Research Updates Fall 2010

Article Highlights:

The latest research as of September 2010

by Quest Staff on October 1, 2010 - 12:15pm

QUEST Vol. 17, No. 4

A new generation of molecules can help cells permanently repair errors in the dystrophin gene, fixing the underlying cause of Duchenne muscular dystrophy (DMD) — and potentially fixing the underlying genetic causes of other neuromuscular diseases as well, researchers report.

The research group, headed by MDA grantee Carmen Bertoni at the University of California, Los Angeles, published its findings online June 23, 2010, in the journal Human Molecular Genetics.

Although Bertoni’s team and others have been developing gene repair technology for several years, the process showed limited success until development of “peptide nucleic acid single-stranded oligodeoxynucleotide,” or PNA-ssODN, molecules, which yielded a 10-fold increase in gene repair efficiency.

The technology — although greatly improved — still has a ways to go before it can be tested in human clinical trials. But these new results demonstrate “proof of concept” for gene repair, as well as representing a dramatic increase in efficiency.

PNA-ssODNs cause more DNA repair

The researchers found that the new PNA-ssODN molecules, which are structurally similar to DNA, are more effective than previous molecules at targeting the region of the dystrophin gene containing the genetic defect.

In experiments on cultured cells and in mice with a flawed dystrophin gene, PNA-ssODNs stimulated DNA repair levels more than 10 times greater than those achieved by the previous class of targeting molecules. The muscle cells containing new, unflawed dystrophin genes successfully produced normal dystrophin protein at levels consistently higher than muscle cells treated with the older-generation molecules.

How PNA-ssODNs mend broken genes

Gene repair with the designer molecules follows a simple principle, Bertoni explained.

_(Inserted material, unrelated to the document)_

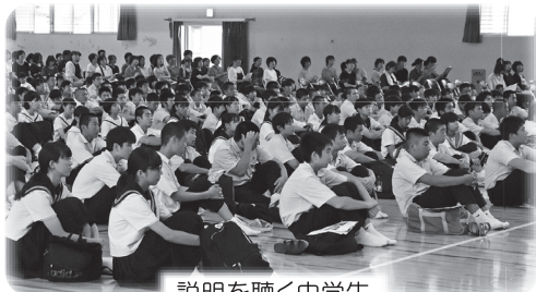
説明を聴く中学生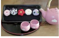
ころんとかわいらしいデザインです

①和の布あそび「和菓子を作ろう」 2月9日(水)・10日(木)〈全2回〉13時～15時30分 ☎成人 先10人 ¥1,000円 持裁縫道具 申1月12日10時から ☎

First, the targeting molecule is injected into muscle, where it seeks out the DNA in cell nuclei and locates the defective region of the dystrophin gene. The molecule then aligns itself with the part of the dystrophin gene containing the error, flagging the site and activating the cell’s own DNA repair system, leading to correction of the flaw.

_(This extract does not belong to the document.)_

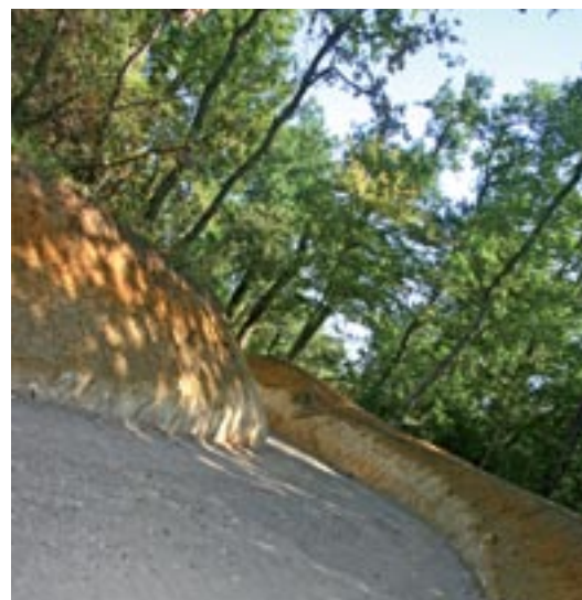
Le béton concassé, issu des démolitions d'immeubles, consolide le chemin 53.

1,3km du chemin 53, le promeneur sera saisi par la diversité paysagère, alternance d'espaces sauvages et travaillés : bosquet de chênes verts, grandes prairies, bois laissé à l'état brut, sources et fontaines, belvédères et terrasse panoramique, zone de mouillère, falaises calcaires... Une flore et une faune aux portes de la ville d'une richesse insoupçonnée qui répond aux caractéristiques du site : forme en fer à cheval, ensoleillement et sols variés. Le chemin 53 et une grande partie du parc sont accessibles aux personnes à mobilité réduite avec des pentes inférieures à 4%. Les sportifs pourront aussi emprunter les chemins de terre annexes. Pour parfaire l'esthétisme et inviter aux haltes, sont posés ici et là des gabions et des bancs taillés à même les troncs d'arbres (ceux abattus suite à la tempête Klaus et dont la majeure partie a servi à la restauration d'une goélette).

PNA-ssODN targeting molecules repair broken genes

This approach is particularly attractive because it avoids technological challenges inherent in gene replacement and other strategies.

For now, gene repair is limited to correcting single-letter errors (point mutations) in a gene, which account for approximately 20 percent of cases of DMD. In these cases, DNA correction would result in restoration of full-length (normal) dystrophin protein production.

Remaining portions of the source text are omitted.